Out-Law News 1 min. read
09 Jan 2025, 12:00 pm
Organisations in the UK’s charitable and not-for-profit sectors must pay close attention to the treatment of value added tax (VAT) for their non-business income, as HM Revenue and Customs (HMRC) has highlighted the differences between business and non-business activities for VAT recovery in a recent letter to the sector.
The letter was sent to a large number of charities, and highlighted that they may need to restrict their input tax in respect of non-business activities. HMRC said that there are a high number of smaller charities that are not aware that they have non-business activities and are required to take that into account when reclaiming input tax.

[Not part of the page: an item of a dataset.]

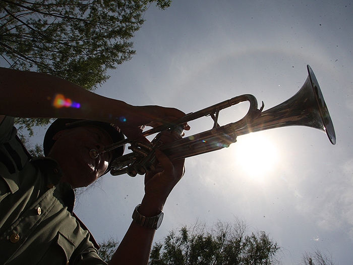 2017年7月29日,在哈尔滨市道里区建国公园里,有一支“老兵军乐团”定期进行演出。团员多数都有从军经历,最年长的今年已79岁,对音乐的共同爱好把他们聚在了一起。
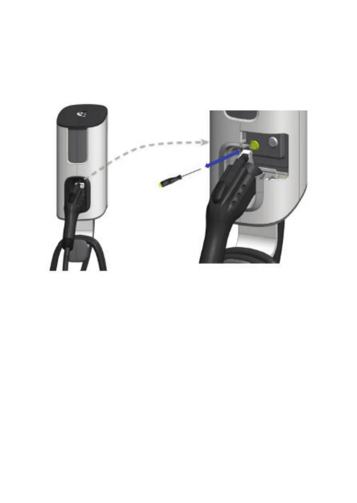 where the vehicle connector attaches to the charger and briey pressing the recessed button for less

According to HMRC’s VAT guidance, a charity cannot treat VAT incurred on purchases of goods and services as input tax unless these are intended to be used for the purposes of its business. If the charity buys services or goods for both business and non-business, including private purposes, it should treat only part of the VAT as input tax. The charity must work out what proportion of the use of the goods or services is for business purposes. This calculation is called apportionment.
Tax expert Bryn Reynolds at Pinsent Masons said: “The line between business and non-business is rarely a clear one. Following the Wakefield College Court of Appeal case, HMRC introduced a two-stage test in a Revenue and Customs Brief known as RCB 10/22, which complicated matters further by distinguishing between activities undertaken for income or remuneration as opposed to consideration.”
In the Wakefield College case, the Court of Appeal ruled that income from students who are partly subsidised and pay a small additional fee for courses amounted to business activity. The court’s two-stage test for determining what amounts to business activity focuses on whether there is a “consideration”, or some value given, to the supplier in return for the goods or services; and whether the supply is made for “remuneration”, which means the supply must be made for the purpose of “obtaining income therefrom on a continuing basis”.
“Taxpayers, particularly those in the charitable, not-for-profit and voluntary sectors, should carefully consider whether they are undertaking business or non-business activities and whether they have suitably apportioned their input tax. Remediation with HMRC in respect of historic periods can be complex and the impact of both interest and penalties should be carefully considered in any error corrections submitted,” Reynolds said.
HMRC acknowledged in its letter that “this can be a complex area of tax”. It suggested that charities “may want to ask an adviser for help”.
In its letter, HMRC also asked charities that have non-business activities and have overclaimed input tax to notify HMRC of errors on previous VAT returns, and pointed to information on potential penalties.